Che faceva il Paccolà?
«Ma quali utopie, ma quali utopie...
non si possono insegnare in questo sogno».
Così diceva il Paccolà.
«Non vogliatemi male,
per
ora,
ma io sono come voi».
Ci disse che l'indomani si sarebbe impiccato alle
ore 11 nell'albero di casa sua.
È più corretto dire "sull'albero"
piuttosto che "nell'albero" disse uno
di noi, e nacque una discussione.
Poi ci interrogammo sullo scopo dell'impiccagione
del Paccolà.
«Lasciate perdere, semmai preoccupatevi
di fermarmi nel mortale gesto, se siete miei amici,
domani alle 11 all'albero di casa mia» disse
il Paccolà.
Ci recammo così il giorno dopo puntuali
all'appuntamento, per impedire l'impiccagione
del Paccolà.
Egli però non c'era. Dopo mezz'ora di attesa
suonammo alla porta più volte, finché
il Paccolà si affacciò dalla finestra
di camera sua.
«Mi avete svegliato».
Noi gli ricordammo l'appuntamento e lui ci disse:
«Non vogliatemi male,
per
ora,
ma io sono come voi».
E nacque una discussione.
Il Paccolà - parte II
Il Paccolà ci mostrò il cappio,
promettendo che ci avrebbe avvertiti quando si
sarebbe impiccato, purché non lo si svegliasse.

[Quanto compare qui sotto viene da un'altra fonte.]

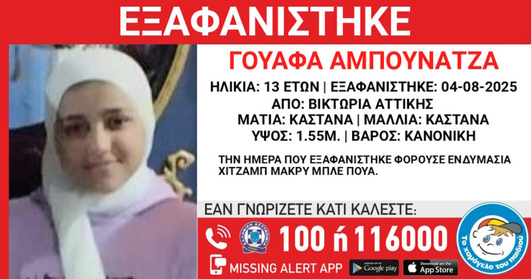 Το «Χαμόγελο του Παιδιού» ανακοίνωσε την εξαφάνιση της 13χρονης Γουάφα Αμπουνάτζα, παλαιστινιακής καταγωγής, από την περιοχή της Βικτώριας.
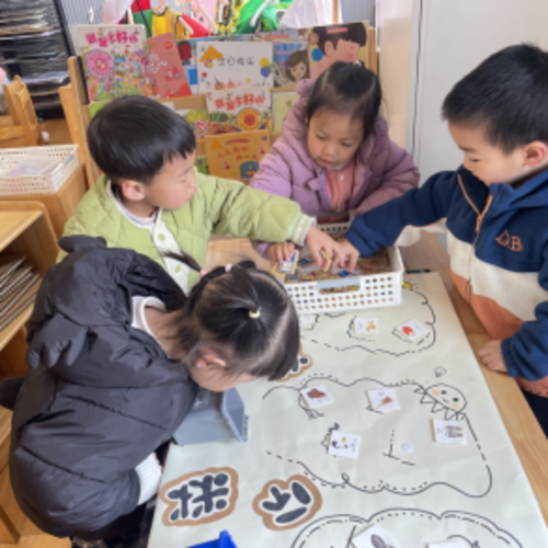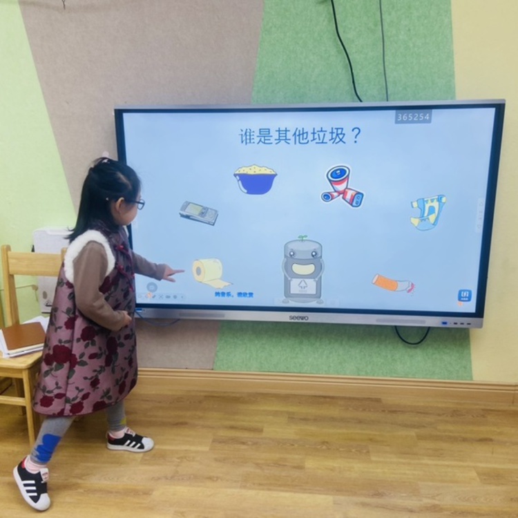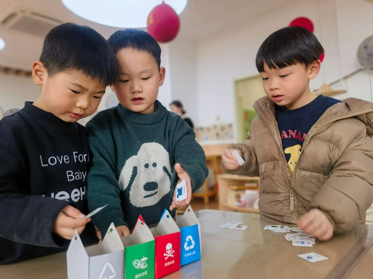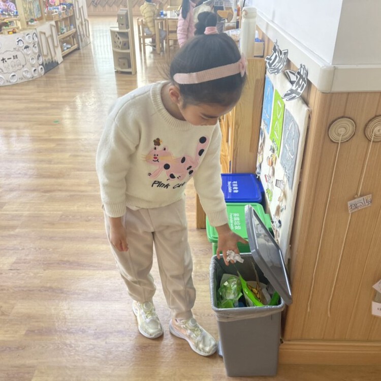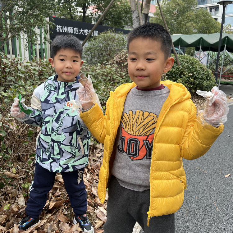 老师和小朋友寻找身边的垃圾,通过主题活动,师幼小游戏等,增加幼儿对垃圾分类的认知。
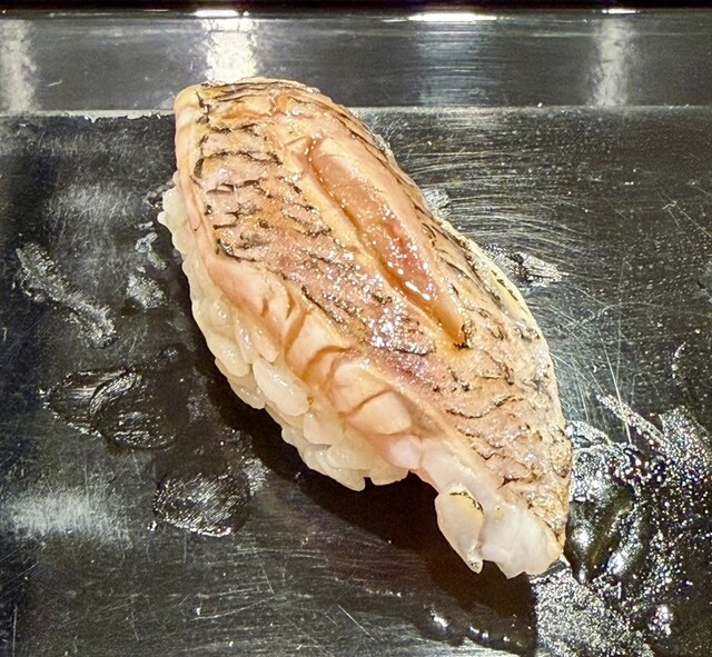 最初の何気ない玉子焼きがほんのり優しい。こういうところまで行き届いている寿司大は最高50回以上通っている寿司大で初めてかもしれないカマス炙り塩酢橘がたまらなく美味いクロダイは塩が効いていて最高季節の秋刀魚、いつもの本マグロ、脂が乗ったスミクイウオやアジ。最後の店長サービスは、超絶美味しい穴子と迷ったけれど、これまた大好きな太刀魚にした。
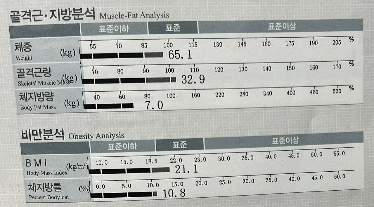 육식하던 때와 근육량은 크게 차이가 없다. 오히려 체지방률은 10%로 낮은 편이다. 육식하던 때보다도 낮은 수치다. 낮은 체지방률은 성실하게 운동해서 얻은 덤이다.
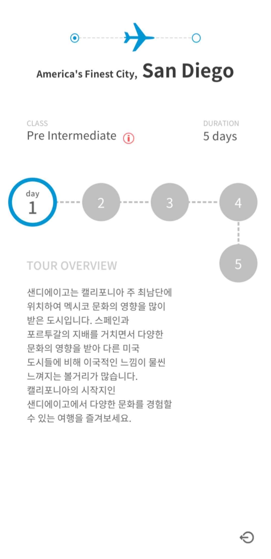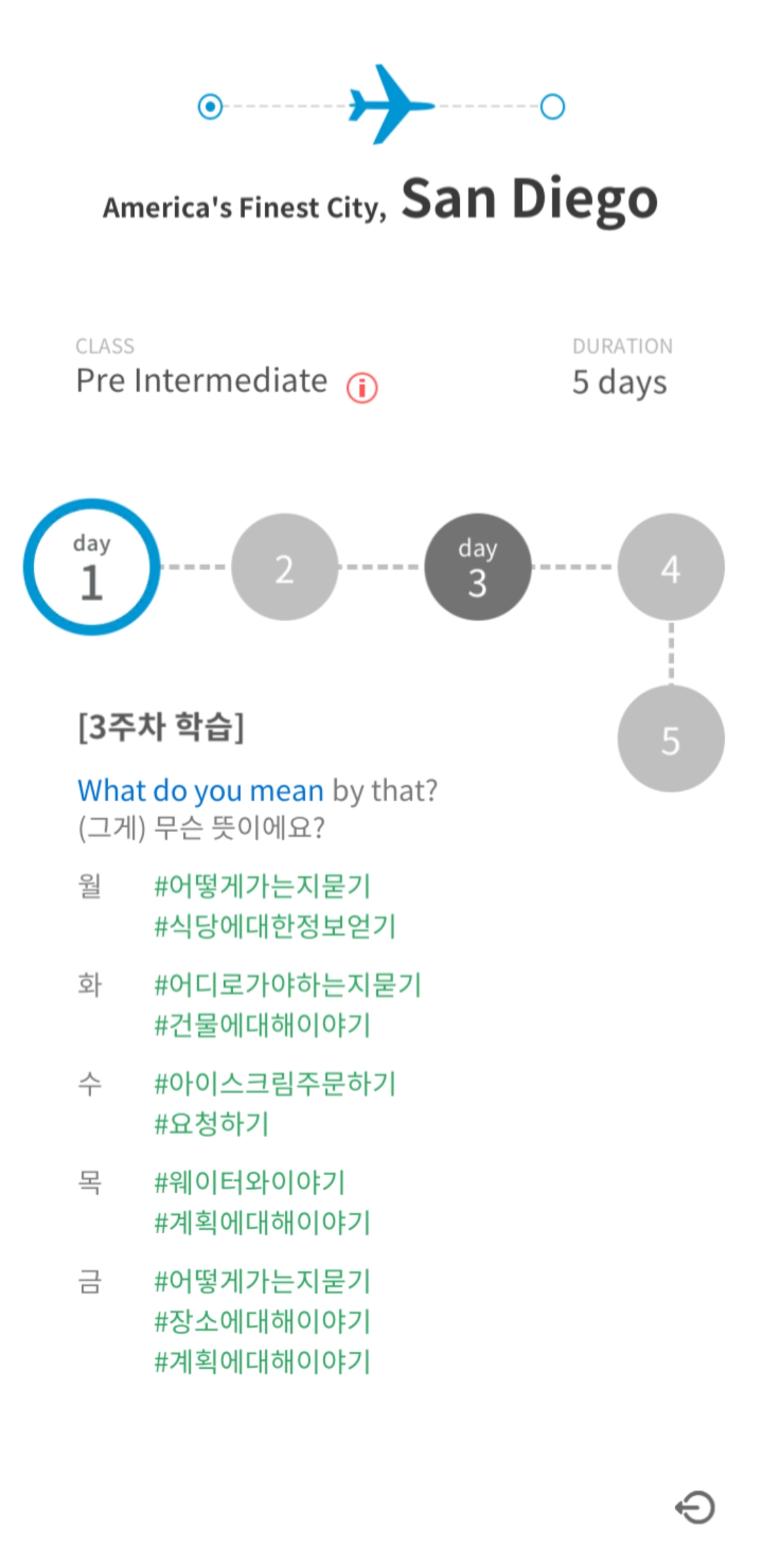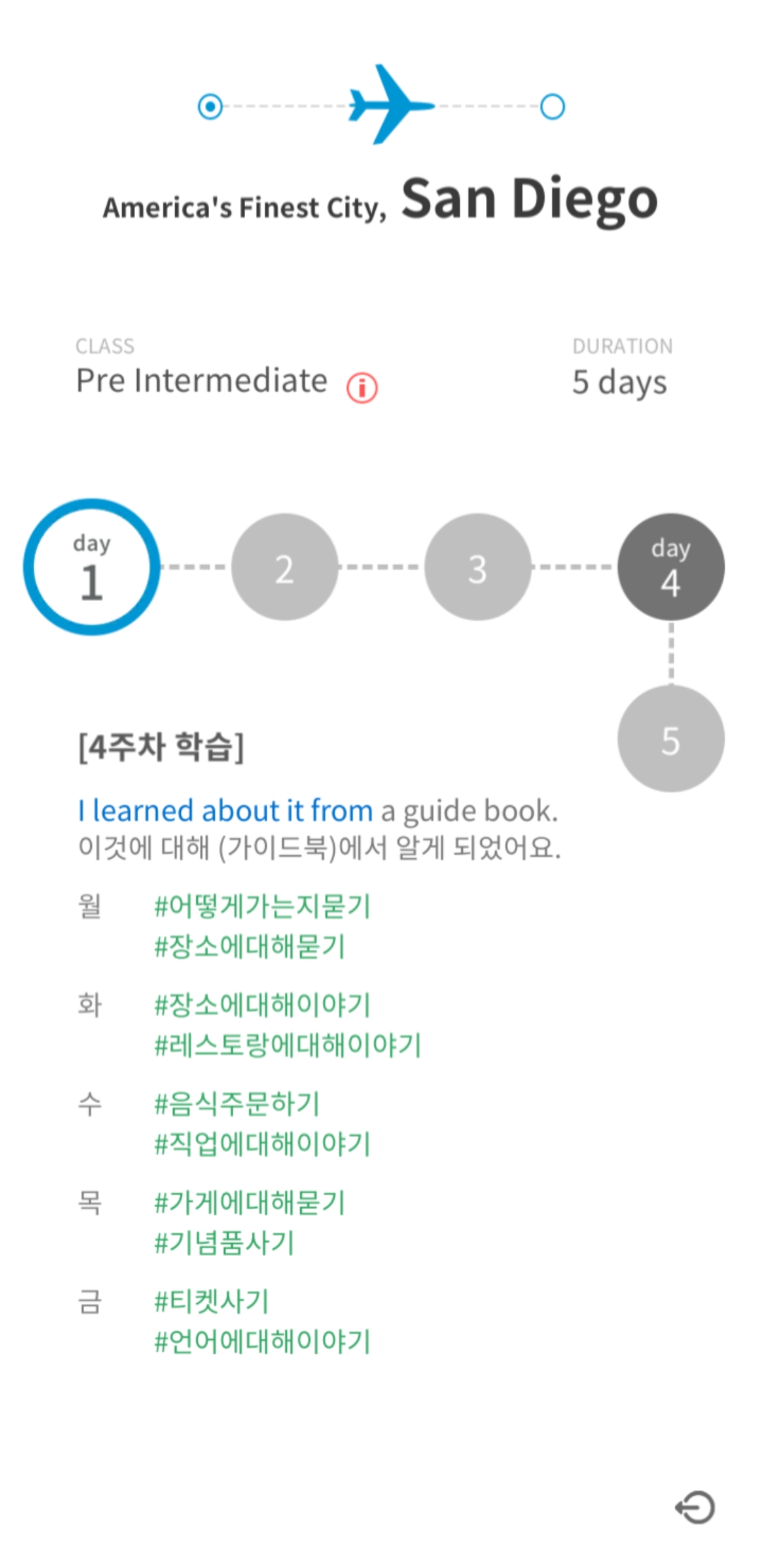 저는 미국의 SAN DIEGO를 선택했는데요. 1일부터 5일차 까지 주제를 선택해서 영어회화를 해볼 수 있습니다.
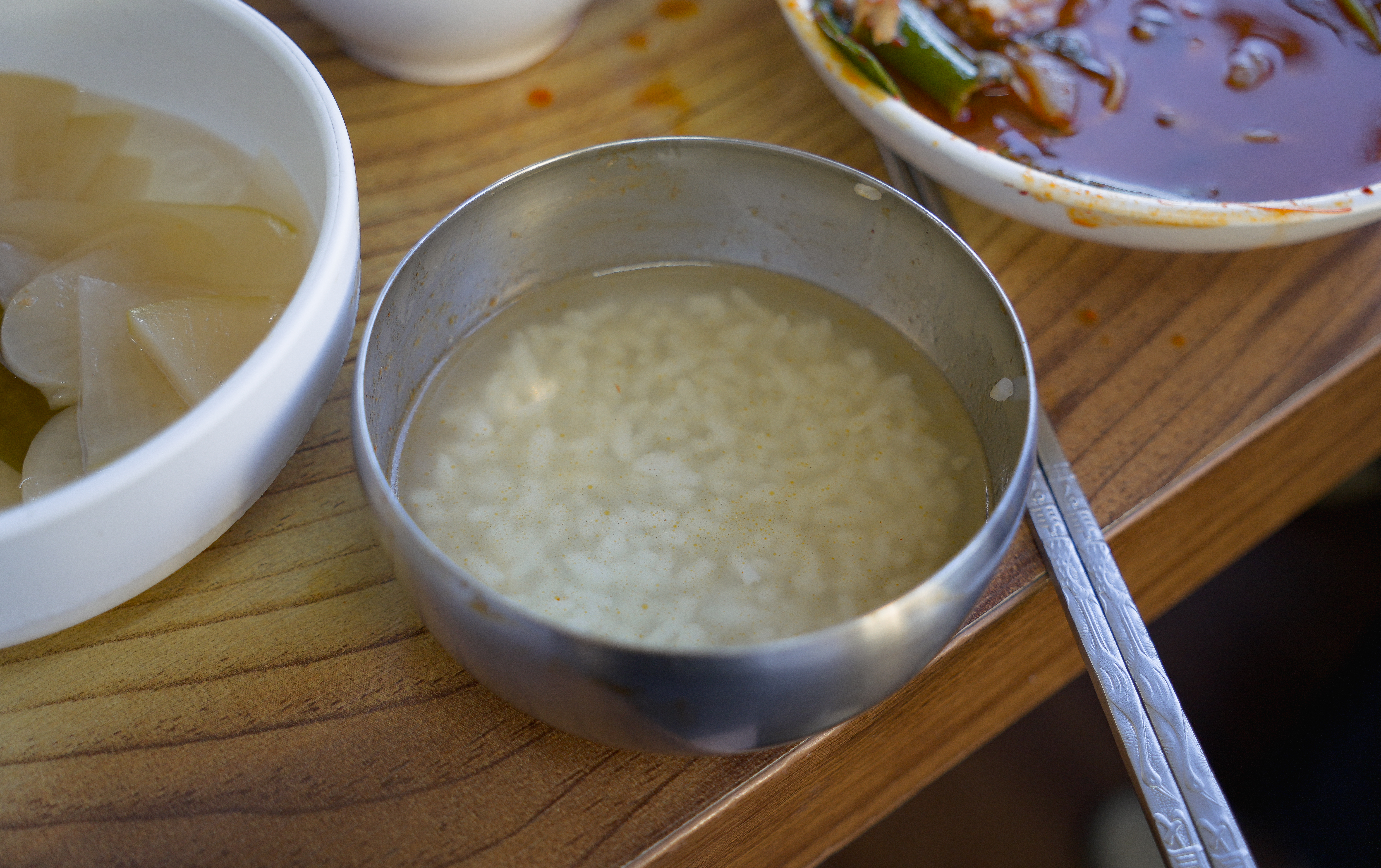 메기매운탕 속 메기가 꽤 넉넉히 들어있어 좋았고, 솥밥으로 갓 지어 나온 따뜻한 밥에 같이 먹으면 더 맛있었습니다. 메기매운탕 속 메기는 살이 부드럽고 흙내가 없어서 거부감이 없었고, 맛도 텁텁하지 않아서 좋았습니다. 끝에 밥을 지었던 솥에 물을 넣어 숭늉까지 먹으니 개운하더라고요.
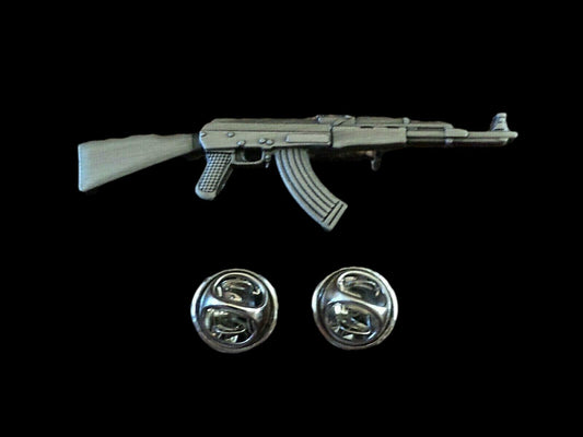 MILITARY AK-47 RIFLE HAT LAPEL PIN DOUBLE CLUTCH BACK GOOD QUALITY
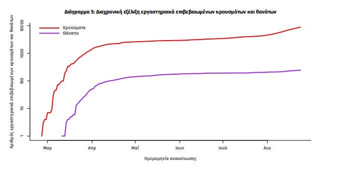 Η διαχρονική εξέλιξη των συνολικών κρουσμάτων και συνολικού αριθμού των θανάτων ασθενών COVID-19 παρουσιάζεται στο ακόλουθο διάγραμμα (σε λογαριθμική κλίμακα).
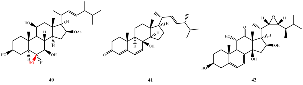 Three new steroids with antimicrobial activity, 40–42 (Figure 10), were isolated from P. chrysogenum QEN-24S, A. ustus cf-42 and A. flocculosus PT05-1, respectively. Penicisteroid A (40) exhibited antifungal activity against A. niger and Alternaria brassicae (IZ, 24 mm and 16 at 20 μg/disk) [39]. The C-6 hydroxyl group may contribute to its activity, as determined by comparison with known compound anicequol (C-6 carbonyl group). Isocyathisterol (41) showed antibacterial activities against E. coli and S. aureus (IZ, 6.7 and 5.7 mm at 30 μg/disk, respectively) [40]. Compoud 42 was produced only under the high salinity conditions (10% salinity addition in fermentation) and exhibited antimicrobial activities against S. aureus, E. coli, and A. niger (MIC, 3.3, 3.3 and 1.6 μM, respectively) [33].
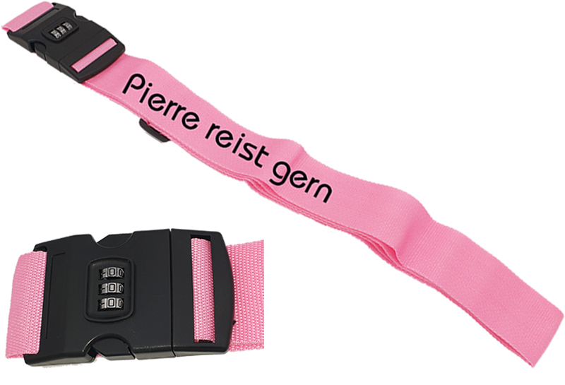 Kofferband mit Zahlenschloss rosa – personalisiert, sicher und komfortabel unterwegs.
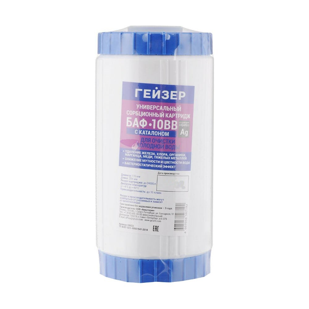 Гейзер БАФ - BB10 - картридж с мультикомпонентной загрузкой из ионообменных материалов и сорбентов для очистки воды от остаточного хлора, органических соединений, железа (при содержании до 2 мг/л) и других вредных примесей.Предназначен для очистки питьевой воды и может быть использован как одноступенчатый фильтр, так и в составе тройки на 2-ой и 3 –й ступени. Основное предназначение очистка воды от остаточного хлора, органических соединений и железа при содержании до 2 мг/л.Состав картриджа:Смесь гранулированного серебренного активированного угля, волокнистого углеродного сорбента (ММВ) и ионообменного волокна Каталон с внедренными в его структуру ионами серебра и микрочастицами угля.Эффективно удаляет:твердые частицы, хлор, хлорорганические соединения, бензол, фенол, органические соединения, нефтепродукты, пестициды, железо, медь, марганец, ртуть, ионы тяжелых металлов, мутность, цветность, неприятные привкусы, запахи и др.Характеристики:Температура воды до 40°СОбщий ресурс до 35 м3Типоразмеры (высота/диаметр), ВВ 10” (Ø 114 мм)

Noi eravamo scettici, ma il Paccolà disse:
«Credo che adesso da oggi in poi chi viola
il compromesso, tre punti di penalizzazione, chi
vuole andare fuori dalla giustizia ci penserà
in piedi». Noi non avevamo voglia di discutere,
perciò ce ne andammo al bar a parlare di
politica. Riincontrammo il Paccolà ai giardinetti,
egli ci mostrò il cappio e una foto dei
suoi genitori, e disse: «Tutto è
bene ciò che finisce bene. I nostri hanno
più spirito razionale finché...».
Noi lo interrompemmo perché non avevamo
voglia di discutere, e gli chiedemmo se si impiccava
si o no. Il Paccolà, arrabbiato, ci tirò
addosso il cappio. «Non avete capito niente»,
se ne andò. Rimanemmo pietrificati. Poi
uno di noi disse che il Paccolà non aveva
senso, provocando un tale sdegno da farci venire
la voglia di impiccarlo.
Il tizio che disse che il Paccolà
non aveva senso
Il tizio che disse che il Paccolà non
aveva senso non frequenta più il Paccolà,
un po' per scelta, un po' perché i suoi
amici vogliono impiccarlo.
Il tizio si è staccato dagli altri, ma
possiede il cappio del Paccolà.
L'ho incontrato proprio ieri, il Paccolà.
Gli ho parlato di te, ma il Paccolà mi
ha dato ad intendere di non conoscerti. Eppure
tu hai il suo cappio.
Il Paccolà aveva fretta. «C'è
chi corre dietro a qualcosa e c'è chi corre
dietro». L'ho lasciato andare pensando di
essere molto stanco.
Oggi sono venuto a trovarti. Mi hai dato ad intendere
di non conoscermi e mi hai tirato il cappio addosso.
L'accusa
La Resistenza Gratuita possiede il cappio del
Paccolà.
La Resistenza Gratuita mi accusa di essere un
vacuo imbonitore.
Di essere il Paccolà.
FINE SITUAZIONE 1
***
SITUAZIONE 2: GOLA AFFATICATA
La manovra
Un parente di uno dei partigiani uccisi mi ha
scritto una lettera forse minacciosa: «Ti
manderò un esponente dell'Ordine dei Cavalieri».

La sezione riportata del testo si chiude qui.